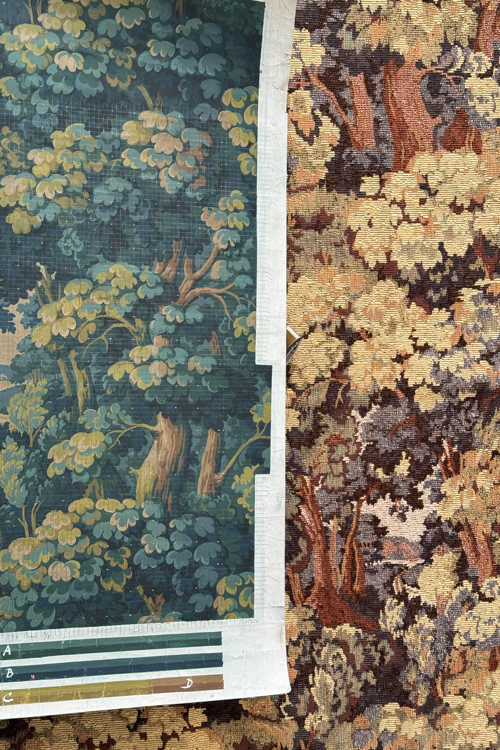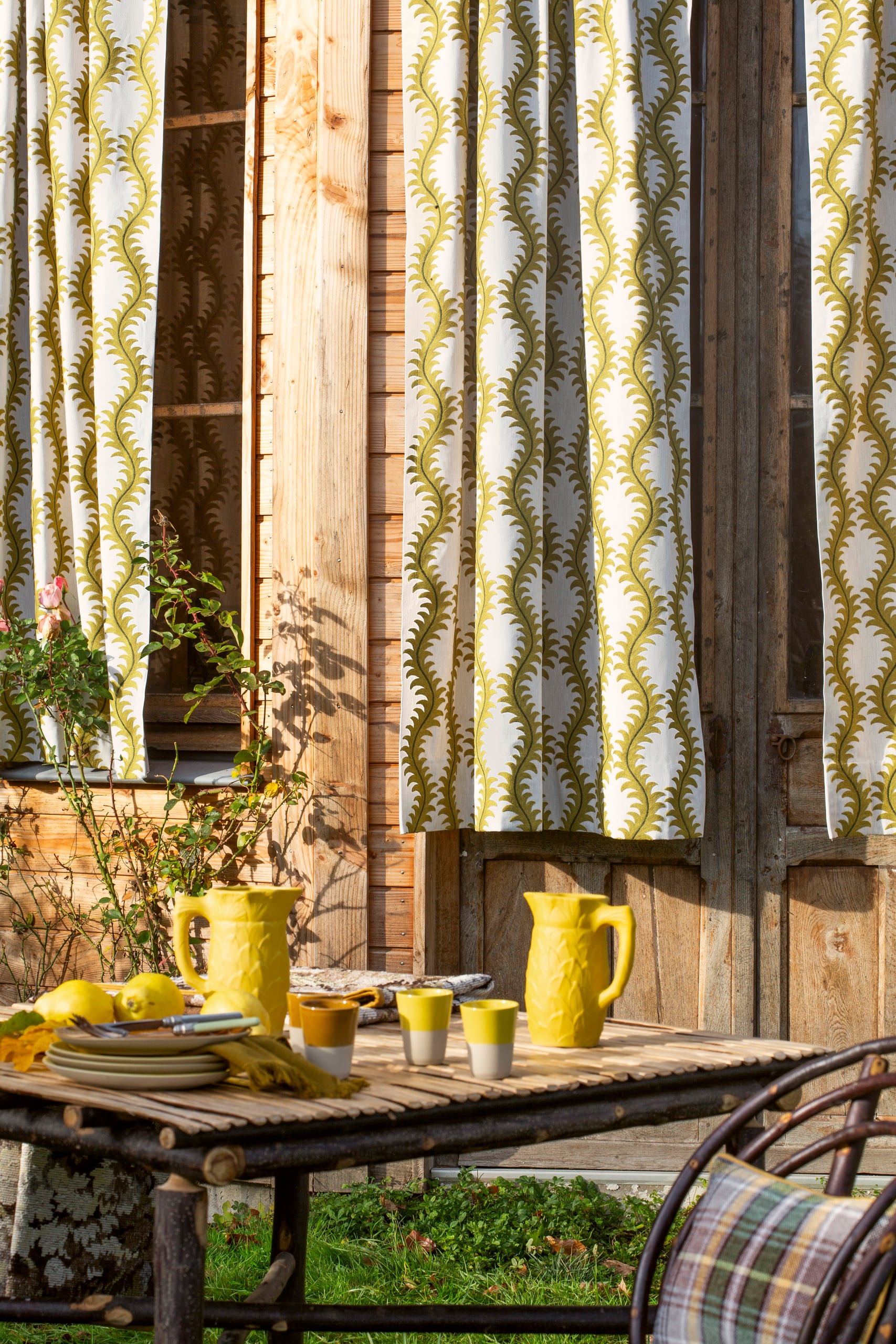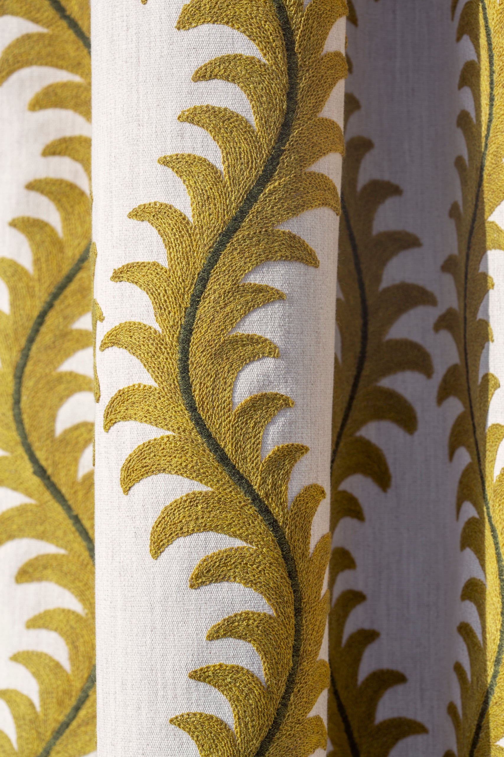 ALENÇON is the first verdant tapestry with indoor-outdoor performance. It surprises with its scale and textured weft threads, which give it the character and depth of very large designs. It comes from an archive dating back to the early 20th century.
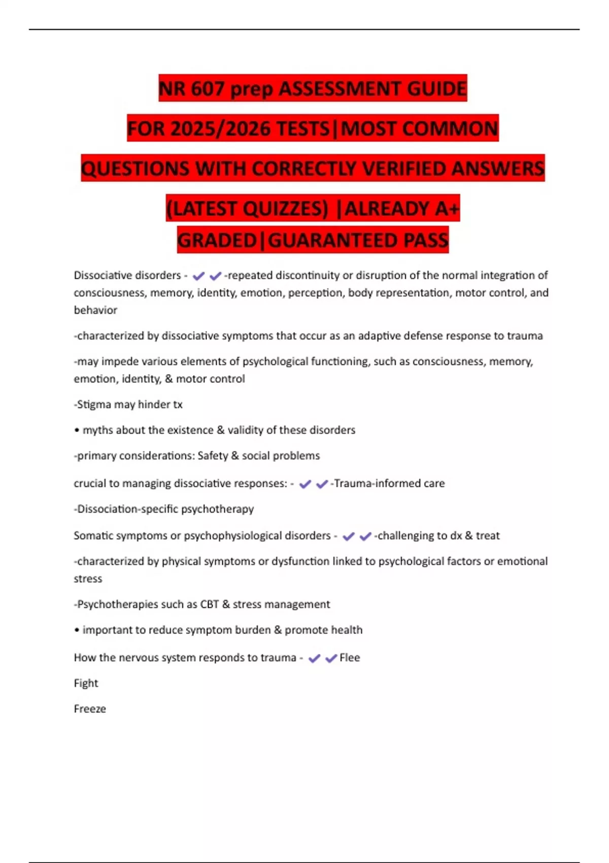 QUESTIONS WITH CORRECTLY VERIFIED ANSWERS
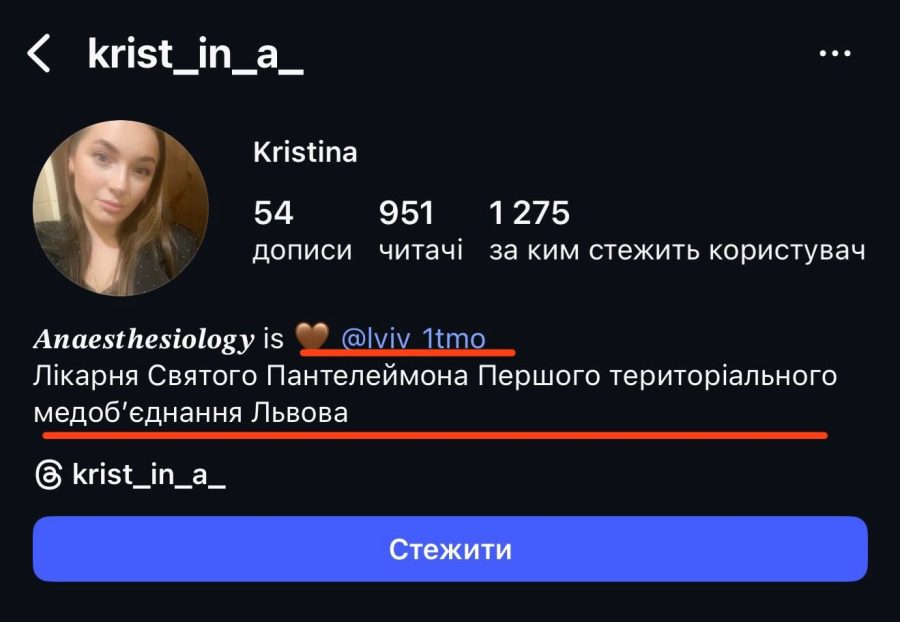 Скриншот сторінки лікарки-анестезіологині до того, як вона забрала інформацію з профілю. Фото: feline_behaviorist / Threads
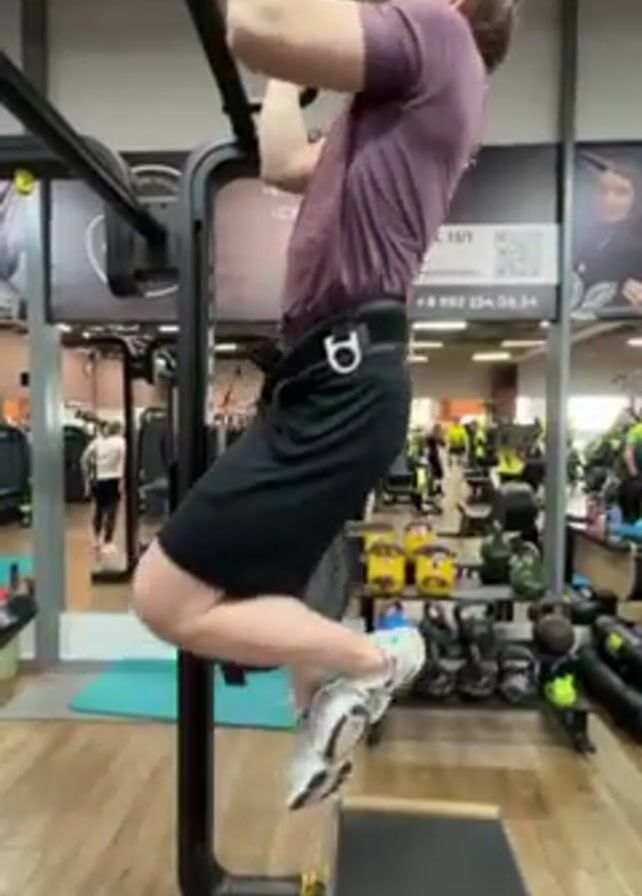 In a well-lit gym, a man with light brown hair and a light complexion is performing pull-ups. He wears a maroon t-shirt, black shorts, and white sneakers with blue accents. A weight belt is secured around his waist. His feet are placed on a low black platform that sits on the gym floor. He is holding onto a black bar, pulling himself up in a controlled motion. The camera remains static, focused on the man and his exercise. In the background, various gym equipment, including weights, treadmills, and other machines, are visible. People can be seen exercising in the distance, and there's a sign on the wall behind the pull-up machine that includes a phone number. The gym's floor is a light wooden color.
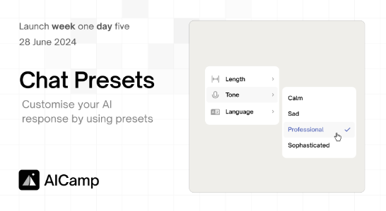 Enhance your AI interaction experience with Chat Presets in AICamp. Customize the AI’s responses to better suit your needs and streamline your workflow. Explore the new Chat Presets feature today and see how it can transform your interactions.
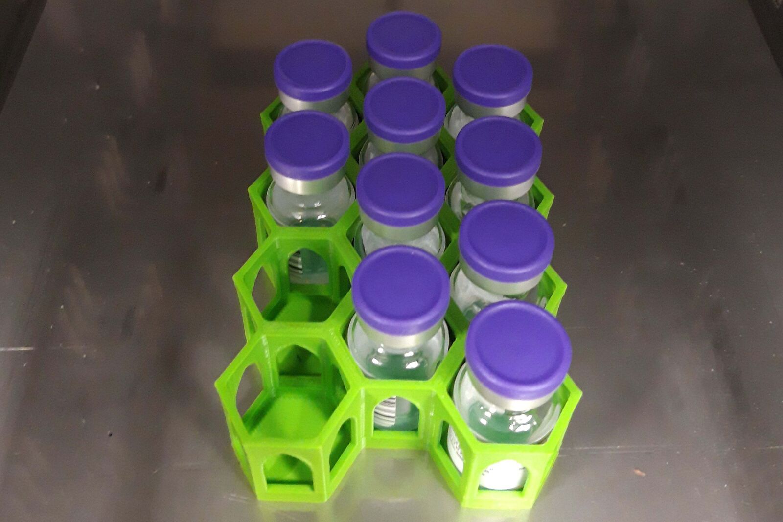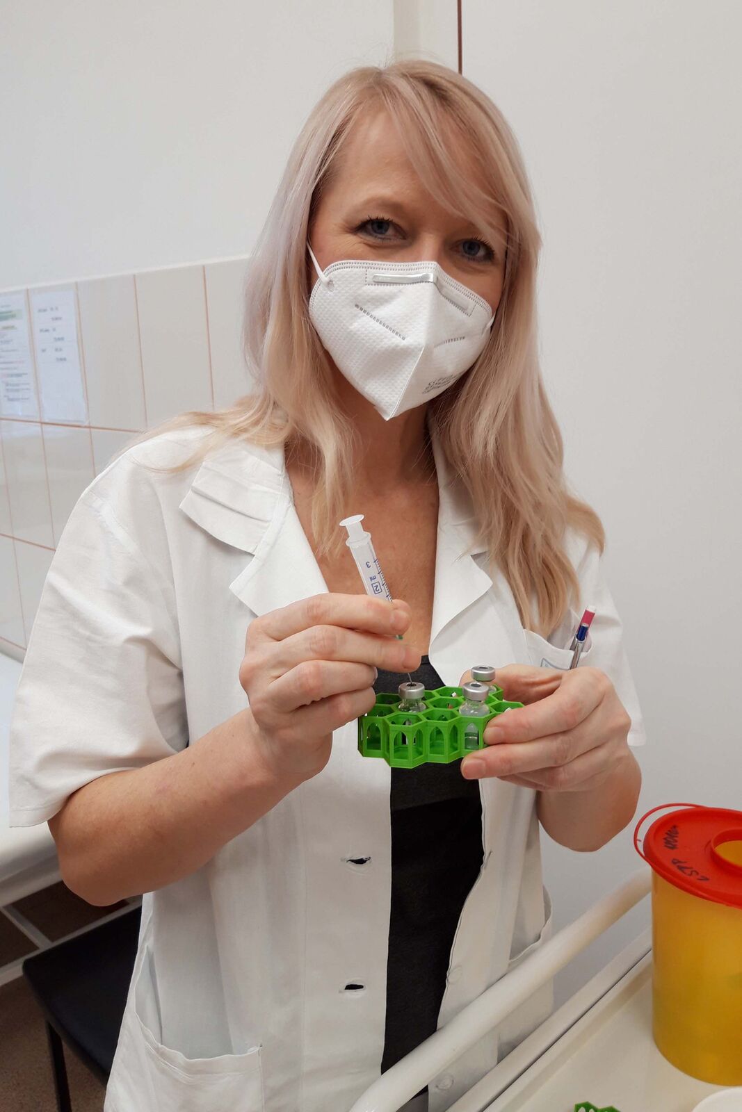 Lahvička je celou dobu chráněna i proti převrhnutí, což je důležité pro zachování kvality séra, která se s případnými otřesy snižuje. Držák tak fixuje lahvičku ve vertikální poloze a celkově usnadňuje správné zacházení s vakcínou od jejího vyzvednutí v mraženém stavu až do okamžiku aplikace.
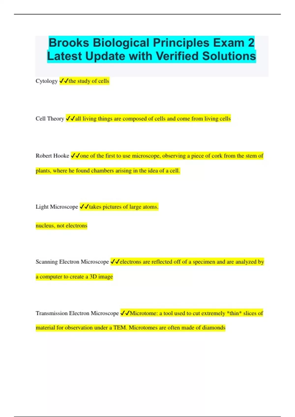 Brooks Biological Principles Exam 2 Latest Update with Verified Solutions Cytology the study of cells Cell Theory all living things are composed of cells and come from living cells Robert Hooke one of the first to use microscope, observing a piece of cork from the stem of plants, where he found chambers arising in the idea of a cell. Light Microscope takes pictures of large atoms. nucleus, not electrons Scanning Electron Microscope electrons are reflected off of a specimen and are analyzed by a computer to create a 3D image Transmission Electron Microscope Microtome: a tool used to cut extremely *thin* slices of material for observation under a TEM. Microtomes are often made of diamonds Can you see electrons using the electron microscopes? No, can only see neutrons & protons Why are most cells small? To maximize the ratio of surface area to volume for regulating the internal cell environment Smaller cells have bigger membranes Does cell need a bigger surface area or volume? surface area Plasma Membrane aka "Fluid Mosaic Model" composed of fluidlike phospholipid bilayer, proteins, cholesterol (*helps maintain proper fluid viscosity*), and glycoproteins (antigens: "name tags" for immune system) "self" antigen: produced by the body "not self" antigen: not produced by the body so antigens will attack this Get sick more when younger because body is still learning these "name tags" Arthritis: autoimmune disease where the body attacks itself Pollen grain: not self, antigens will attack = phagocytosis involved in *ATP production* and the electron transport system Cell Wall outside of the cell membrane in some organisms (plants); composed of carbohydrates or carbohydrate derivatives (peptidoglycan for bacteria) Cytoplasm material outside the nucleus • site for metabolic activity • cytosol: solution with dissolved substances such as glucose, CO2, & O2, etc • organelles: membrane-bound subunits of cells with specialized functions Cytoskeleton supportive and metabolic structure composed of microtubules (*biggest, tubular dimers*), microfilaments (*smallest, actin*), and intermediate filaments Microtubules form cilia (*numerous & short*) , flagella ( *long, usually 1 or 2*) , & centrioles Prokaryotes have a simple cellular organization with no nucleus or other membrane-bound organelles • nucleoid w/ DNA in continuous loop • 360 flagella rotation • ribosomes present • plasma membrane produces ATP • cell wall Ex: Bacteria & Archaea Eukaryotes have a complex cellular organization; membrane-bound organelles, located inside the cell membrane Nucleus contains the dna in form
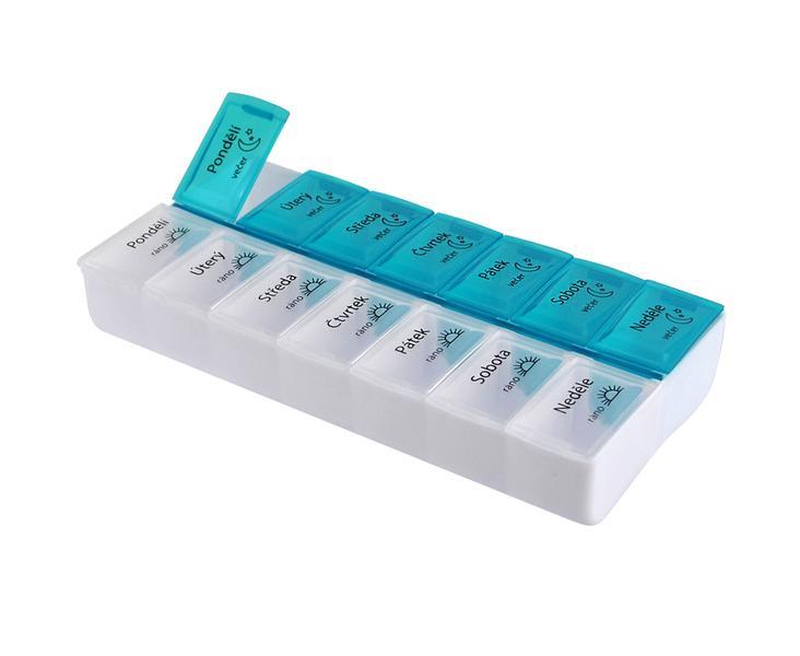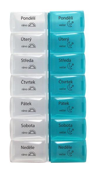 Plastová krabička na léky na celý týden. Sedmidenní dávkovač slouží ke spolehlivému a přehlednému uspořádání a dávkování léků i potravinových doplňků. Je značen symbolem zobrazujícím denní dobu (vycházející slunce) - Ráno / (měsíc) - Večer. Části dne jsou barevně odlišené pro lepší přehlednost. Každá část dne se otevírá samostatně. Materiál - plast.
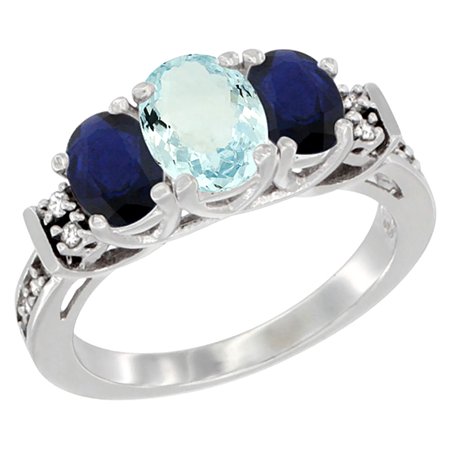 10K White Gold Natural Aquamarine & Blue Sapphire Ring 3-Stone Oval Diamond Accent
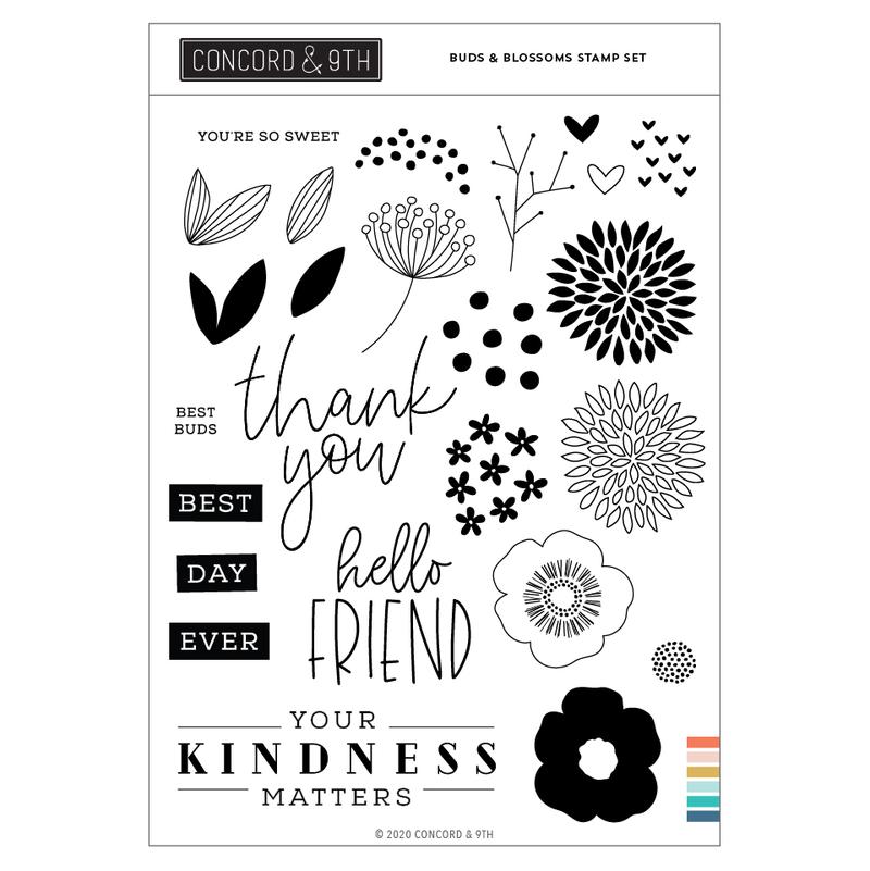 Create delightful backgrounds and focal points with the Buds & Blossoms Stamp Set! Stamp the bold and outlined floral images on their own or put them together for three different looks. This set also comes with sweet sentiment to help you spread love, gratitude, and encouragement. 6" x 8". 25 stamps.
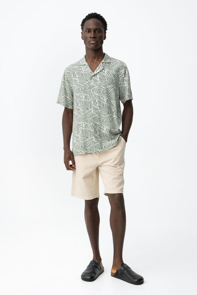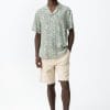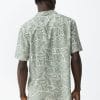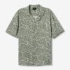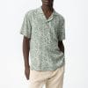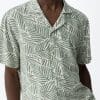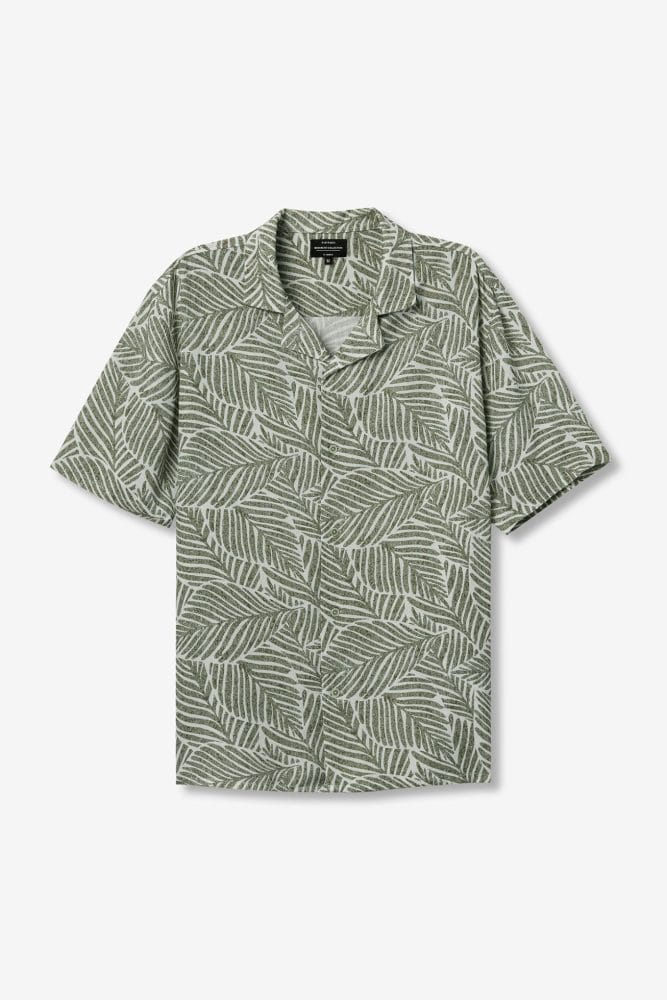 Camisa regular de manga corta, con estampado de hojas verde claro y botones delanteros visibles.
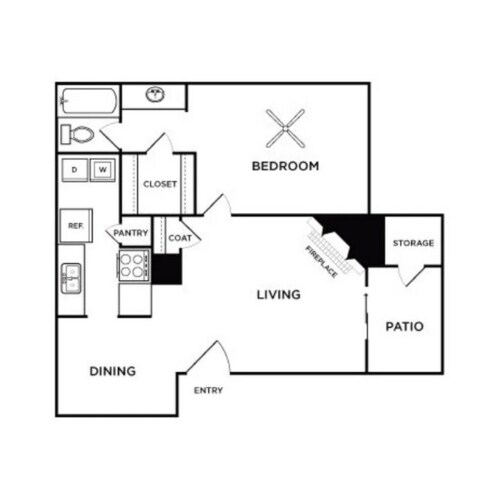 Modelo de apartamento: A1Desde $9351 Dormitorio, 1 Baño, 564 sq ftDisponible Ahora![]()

________________________________________

▸ **What to do**
Using the material above, transcribe exactly the lines from the one holding "Enhance your AI" to the one holding "Lahvička je celou", both ends kept. Do not carry over any pictures.

▸ **Result of the exercise**
 Enhance your AI interaction experience with Chat Presets in AICamp. Customize the AI’s responses to better suit your needs and streamline your workflow. Explore the new Chat Presets feature today and see how it can transform your interactions.
 Lahvička je celou dobu chráněna i proti převrhnutí, což je důležité pro zachování kvality séra, která se s případnými otřesy snižuje. Držák tak fixuje lahvičku ve vertikální poloze a celkově usnadňuje správné zacházení s vakcínou od jejího vyzvednutí v mraženém stavu až do okamžiku aplikace.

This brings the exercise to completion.